Tag Archives: Moral hazard

Central Bank Balance Sheets, LOLR Safety Nets, and Moral Hazard

Niall Ferguson, Martin Kornejew, Paul Schmelzing and Moritz Schularick in CEPR dp 17858:

From the introduction:

… time and again, central banks deployed their power to create liquidity in a bid to insulate economies from disasters. … first began to be linked to geopolitical tail events during the 17th and 18th centuries – occurring with increasing regularity during wars and revolutions –, … the context of central bank liquidity support gradually but consistently shifted towards financial crises: … central banks’ sensitivity to financial crises has risen sharply over the 20th century and increasingly became a systematic response to financial distress after the Great Depression.

… central bank liquidity support systematically cushioned economic effects of financial crises throughout modern history of advanced economies. …

Historically, central bank liquidity support in crises is associated with a rising probability of future episodes of excessive risk-taking by financial intermediaries that end in another financial crisis.
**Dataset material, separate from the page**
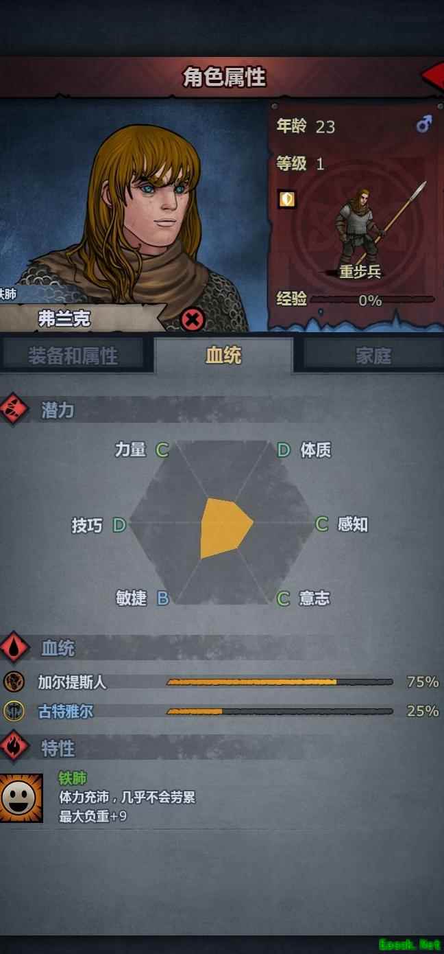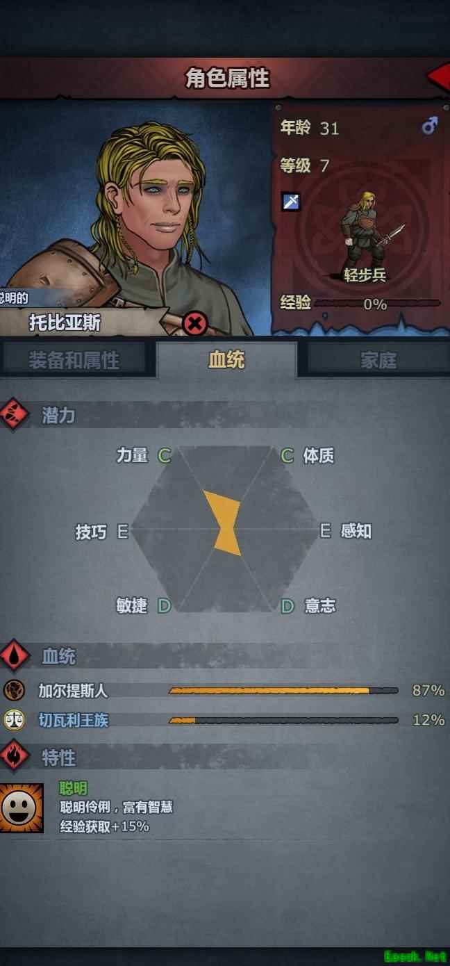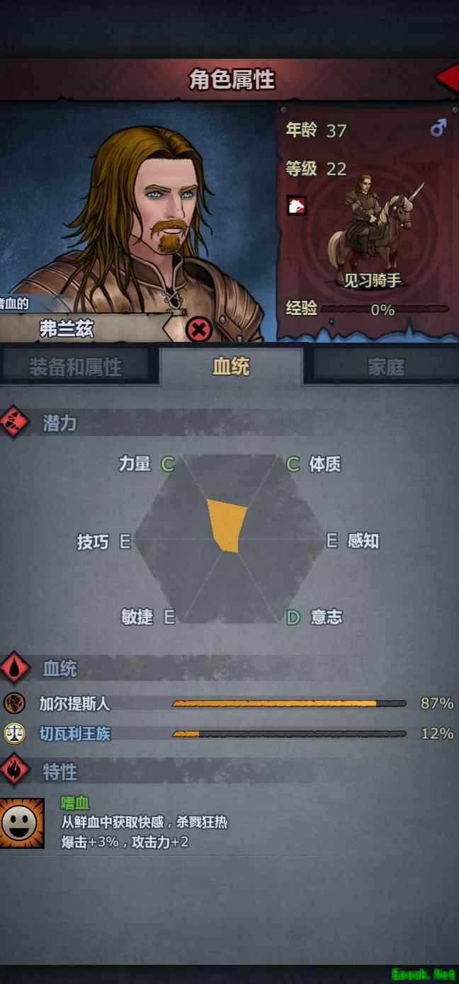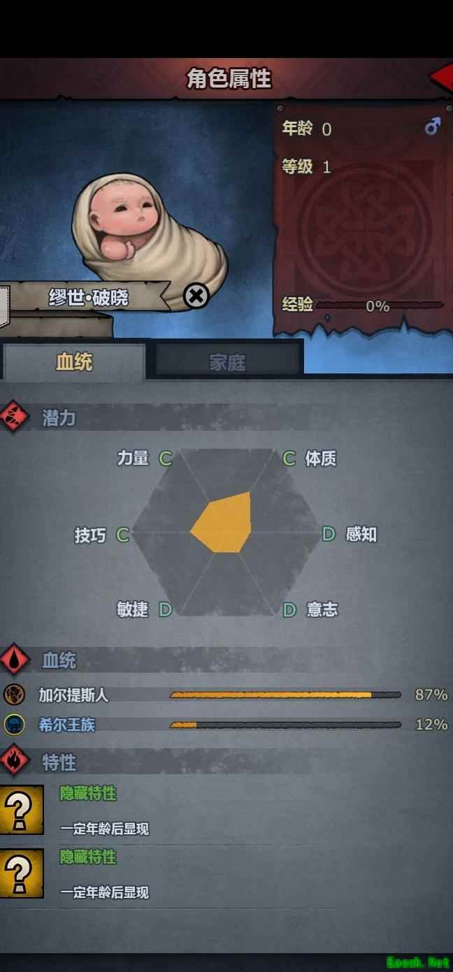 长子出生,资质平平,但继承了骑士爵位与十二分之一的希尔王族血脉,尽管双亲皆为骑士,次子未必能获同等传承。

If central banks refrained from using their balance sheet to support markets in the last crisis, episodes of renewed excessive risk taking are much rarer.

Could the Fed have Rescued Lehman Brothers?

In a paper, Larry Ball argues that

inadequate collateral and lack of legal authority were not the reasons that the Fed let Lehman fail. …

… the primary decision maker was Treasury Secretary Henry Paulson–even though he had no legal authority over the Fed’s lending decisions. … evidence supports the common theory that Paulson was influenced by the strong political opposition to financial rescues. … Another factor is that both Paulson and Fed officials, although worried about the effects of a Lehman failure, did not fully anticipate the damage that it would cause.

James Stewart comments in the New York Times.

Narrow Banking: History and Merits

George Pennacchi discusses narrow banking in an article in the Annual Review of Financial Economics. He concludes as follows:

During the nineteenth century, US banks were more narrow than they are today, and the narrowest (e.g., those under the Louisiana Banking Act of 1842) appeared resistant to panics. Common modern-banking practices, such as maturity transformation and explicit loan commitments, arose only after the creation of the Federal Reserve and the FDIC.

… There appears to be little or no benefits available from traditional banks that could not be obtained in a carefully designed narrow bank financial system. Most importantly, a narrow-banking system could have huge advantages in containing moral hazard and reducing the overall risk and required regulation of the financial system.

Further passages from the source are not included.